**What this task involves**
Write out the listing from the line with "Not Managed by" to the line with "Jake Traylor, a", both lines included, exactly and nothing beyond. Leave pictures out.

**Dataset extract**
'''

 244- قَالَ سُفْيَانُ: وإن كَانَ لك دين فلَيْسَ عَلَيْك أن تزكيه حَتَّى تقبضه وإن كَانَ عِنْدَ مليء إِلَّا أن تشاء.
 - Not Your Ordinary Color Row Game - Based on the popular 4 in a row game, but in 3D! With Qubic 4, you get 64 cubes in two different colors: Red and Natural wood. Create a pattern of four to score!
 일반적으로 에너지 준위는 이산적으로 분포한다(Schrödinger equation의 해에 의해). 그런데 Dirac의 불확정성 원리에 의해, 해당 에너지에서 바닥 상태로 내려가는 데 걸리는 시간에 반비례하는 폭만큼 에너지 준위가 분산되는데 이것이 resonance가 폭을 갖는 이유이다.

'''
'''

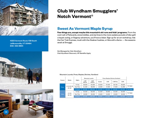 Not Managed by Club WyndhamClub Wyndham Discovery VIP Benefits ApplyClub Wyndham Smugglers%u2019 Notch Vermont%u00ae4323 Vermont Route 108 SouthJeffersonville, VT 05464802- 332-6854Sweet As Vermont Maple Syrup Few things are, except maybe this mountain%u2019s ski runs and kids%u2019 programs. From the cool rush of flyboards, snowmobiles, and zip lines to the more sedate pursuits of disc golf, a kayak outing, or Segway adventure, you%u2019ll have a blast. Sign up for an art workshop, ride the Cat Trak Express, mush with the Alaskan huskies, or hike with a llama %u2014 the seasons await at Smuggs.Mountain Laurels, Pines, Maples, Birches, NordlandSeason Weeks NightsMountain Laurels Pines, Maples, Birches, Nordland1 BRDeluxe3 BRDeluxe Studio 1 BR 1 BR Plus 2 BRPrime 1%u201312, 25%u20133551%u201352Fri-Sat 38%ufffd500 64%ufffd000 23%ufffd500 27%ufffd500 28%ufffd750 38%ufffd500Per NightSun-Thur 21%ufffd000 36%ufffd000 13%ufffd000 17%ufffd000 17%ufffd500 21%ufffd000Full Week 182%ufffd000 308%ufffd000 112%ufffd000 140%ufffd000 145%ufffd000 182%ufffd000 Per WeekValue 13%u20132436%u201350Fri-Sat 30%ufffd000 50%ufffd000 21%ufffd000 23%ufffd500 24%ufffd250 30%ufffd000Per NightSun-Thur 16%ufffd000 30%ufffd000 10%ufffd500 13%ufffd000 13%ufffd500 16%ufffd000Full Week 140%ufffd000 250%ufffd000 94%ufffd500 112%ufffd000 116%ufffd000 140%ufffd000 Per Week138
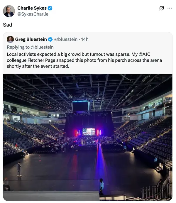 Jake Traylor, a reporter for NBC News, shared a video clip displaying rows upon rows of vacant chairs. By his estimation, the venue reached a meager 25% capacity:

'''

**Answer section**
 Not Managed by Club WyndhamClub Wyndham Discovery VIP Benefits ApplyClub Wyndham Smugglers%u2019 Notch Vermont%u00ae4323 Vermont Route 108 SouthJeffersonville, VT 05464802- 332-6854Sweet As Vermont Maple Syrup Few things are, except maybe this mountain%u2019s ski runs and kids%u2019 programs. From the cool rush of flyboards, snowmobiles, and zip lines to the more sedate pursuits of disc golf, a kayak outing, or Segway adventure, you%u2019ll have a blast. Sign up for an art workshop, ride the Cat Trak Express, mush with the Alaskan huskies, or hike with a llama %u2014 the seasons await at Smuggs.Mountain Laurels, Pines, Maples, Birches, NordlandSeason Weeks NightsMountain Laurels Pines, Maples, Birches, Nordland1 BRDeluxe3 BRDeluxe Studio 1 BR 1 BR Plus 2 BRPrime 1%u201312, 25%u20133551%u201352Fri-Sat 38%ufffd500 64%ufffd000 23%ufffd500 27%ufffd500 28%ufffd750 38%ufffd500Per NightSun-Thur 21%ufffd000 36%ufffd000 13%ufffd000 17%ufffd000 17%ufffd500 21%ufffd000Full Week 182%ufffd000 308%ufffd000 112%ufffd000 140%ufffd000 145%ufffd000 182%ufffd000 Per WeekValue 13%u20132436%u201350Fri-Sat 30%ufffd000 50%ufffd000 21%ufffd000 23%ufffd500 24%ufffd250 30%ufffd000Per NightSun-Thur 16%ufffd000 30%ufffd000 10%ufffd500 13%ufffd000 13%ufffd500 16%ufffd000Full Week 140%ufffd000 250%ufffd000 94%ufffd500 112%ufffd000 116%ufffd000 140%ufffd000 Per Week138
 Jake Traylor, a reporter for NBC News, shared a video clip displaying rows upon rows of vacant chairs. By his estimation, the venue reached a meager 25% capacity:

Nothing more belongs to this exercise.